When an umpire has to decide the question of a 'bump' ball or not, he must be guided by its length, its flight from the bat, and the way in which the latter has been used; the state of the ground sometimes must be considered, as it is unlikely, when the turf is in a soft, spongy state, that a ball will bounce high or far from it.

As will be seen by the latter part of law 47 (just quoted), the bowler's umpire may occasionally be appealed to on matters which are primarily in the discretion of his colleague. If the latter cannot decide, for instance, a question of stumping, which, by the law, must first be referred to him, he may appeal to the bowler's umpire. This power of appealing in cases of stumping is rarely used—in fact, we have never seen or heard of a single case of its exercise, though we once saw a case arise in which an appeal might very rightly have been made. In the University match of 1878, A. H. Evans was batting, he ran out to a slow, hit at it with all his might, missed it, and let the bat slip out of his hands.
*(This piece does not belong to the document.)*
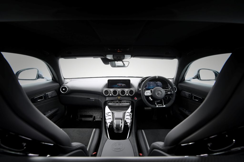 ดีไซน์ภายในห้องโดยสารของ Mercedes-AMG GT Rโฉมใหม่ มาพร้อมอุปกรณ์ตกแต่งดีไซน์ใหม่ในหลายจุด ซึ่งเป็นการออกแบบที่ได้รับอิทธิพลมาจากรถยนต์มอเตอร์สปอร์ต อาทิ เบาะที่นั่งที่ถูกปรับให้ต่ำลงเพื่อให้ผู้ขับขี่รู้สึกเป็นหนึ่งเดียวกับตัวรถ อีกทั้งยังเป็นเบาะที่นั่งแบบ AMG BucketSeats หุ้มด้วยหนัง Nappaและ DINAMICAMicrofibreที่ช่วยปกป้องลำตัวด้านข้างได้ดีแม้ขณะขับขี่ด้วยความเร็วสูง ทั้งนี้ ผู้เป็นเจ้าของสามารถเลือกติดตั้งเบาะที่นั่งแบบAMG Performance และอุปกรณ์เสริมต่างๆ เพื่อเพิ่มความเร้าอารมณ์ขณะขับขี่ เช่น ชุดเข็มขัดนิรภัยสีเหลือง หรือชุดแต่งห้องโดยสาร AMG Interior Piano Lacquerเป็นต้น,ชุดแต่ง AMG Interior Night เป็นชุดแต่งมาตรฐานของรถยนต์รุ่นนี้ มาพร้อมพวงมาลัยแบบ AMG Performance Steering ตกแต่งด้วย DINAMICA Microfiberสีดำ พร้อมหน้าจอแสดงผลบนพวงมาลัยจำนวน 2 หน้าจอแบบ AMG steering wheel buttonsลงตัวด้วยหน้าจอเรือนไมล์แบบall-digital instrument display ขนาด 12.3 นิ้ว และเกียร์จะชุบสีดำเงาทั้งหมด,แผงหน้าปัดกว้างดีไซน์ใหม่ด้วยอัตราส่วนแบบ 16:9ขนาด10.15 นิ้ว ทำงานด้วยระบบปฏิบัติการแบบ COMAND Onlineสื่อถึงเอกลักษณ์ของงานออกแบบอากาศยาน,แผงควบคุมตรงกลางมีหน้าจอแสดงผลมากถึง8จอบริเวณคอนโซลกลางแบบ AMG DRIVE UNIT ที่ออกแบบตามลักษณะเครื่องยนต์แบบ V8และมีช่องลมของเครื่องปรับอากาศ4 ช่องที่ดูคล้ายสปอตไลท์
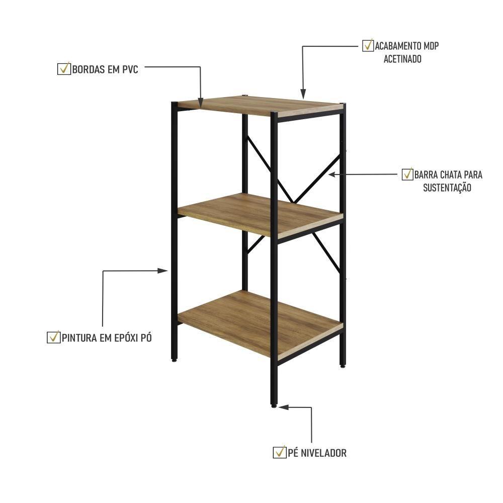 Estante C/03 Prateleiras 84x45x33cm Tub Tueh843 Lâmina Mel - Est.preta Lâmina Mel / Est.preta

The ball was taken, and the wicket put down by the Cambridge wicket-keeper, Alfred Lyttelton; but the umpire had seen the bat flying straight at his head, and not wishing to risk a broken crown by sticking to his post, had fallen down with his head averted from the wicket, and was consequently unable to give a decision on a case which he had not seen. Evans was some three or four feet out of his ground when the bails were knocked off, but as no decision was given against him he of course remained at the wickets. This is exactly the case which this part of rule 47 is framed to meet; the other umpire would have been quite able to have given a decision on a plain case like this, and no doubt would have done so had there been an appeal made by him.